Читать книгу «Украденный сон» онлайн полностью📖 — Александры Марининой — MyBook.
image

Глава вторая

В кабинет к следователю городской прокуратуры Константину Михайловичу Ольшанскому Настя попала впервые. Они знали друг друга давно, но встречались только на Петровке, где Ольшанский частенько бывал. Он был умным человеком и опытным следователем, грамотным, добросовестным, мужественным, но Настя его почему-то недолюбливала. Она не раз пыталась разобраться в своем отношении к нему, но причин нелюбви к Ольшанскому так и не поняла. Более того, она знала, что очень многие относились к нему точно так же неприязненно, хотя открыто признавали его профессионализм и высокую квалификацию.

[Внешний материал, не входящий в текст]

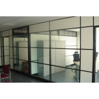 玻璃隔斷分為雙層玻璃隔斷和單層玻璃隔斷。雙層玻璃隔斷中間夾兩塊5毫米鋼化玻璃,單層玻璃隔斷中間夾一塊10毫米鋼化玻璃。單雙玻璃隔斷通用的主龍骨,可以很好的隨意轉(zhuǎn)換單雙玻璃隔墻。

Внешне Константин Михайлович производил впечатление недотепы-неудачника: смущенный взгляд, мятый пиджак, на любом галстуке – непременно какое-то постороннее пятнышко непонятного происхождения, далеко не всегда вычищенные ботинки, очки в чудовищно старомодной оправе. Кроме того, Ольшанский отличался весьма живой мимикой и тем, что совершенно не следил за лицом, особенно когда занимался писаниной. Сторонний наблюдатель с трудом удерживался от смеха, видя эти невероятные гримасы и высунутый кончик языка. Вместе с тем следователь бывал резок и невежлив, хотя и не часто, и, как ни странно, в основном с экспертами. Он был помешан на криминалистике, читал всю новейшую литературу, вплоть до диссертаций и материалов научно-практических конференций, и во время осмотра места происшествия буквально стоял над душой у экспертов, предъявляя им какие-то немыслимые требования и ставя перед ними самые неожиданные вопросы.

Кабинет Ольшанского был довольно точным отражением своего хозяина: на полированной поверхности приставного стола – круги от горячих стаканов, рабочий стол захламлен донельзя, пластмассовый абажур настольной лампы померк под вековым слоем пыли, из ярко-зеленого превратившись в тускло-серый. Короче, кабинет Насте не понравился.

Ольшанский встретил ее дружелюбно, но тут же спросил про Ларцева.

Владимир Ларцев вместе с Михаилом Доценко первые девять дней, с 3 по 11 ноября, выполняли поручения следователя по делу об убийстве Виктории Ереминой, и Константин Михайлович ожидал увидеть кого-то из них. В отделе Гордеева знали, что Ольшанский особенно ценил Ларцева и признавал за ним умение вести допросы, частенько поручал ему работу со свидетелями и обвиняемыми и всегда подчеркивал, что результаты такой работы у Володи гораздо лучше, чем у него самого.

– Ларцев пока занят, – уклончиво ответила Настя, – ему поручили другое задание. По делу Ереминой буду работать я.

Надо отдать следователю должное: если он и был разочарован, то виду не показал. Достав из сейфа уголовное дело, он усадил Настю за приставной стол.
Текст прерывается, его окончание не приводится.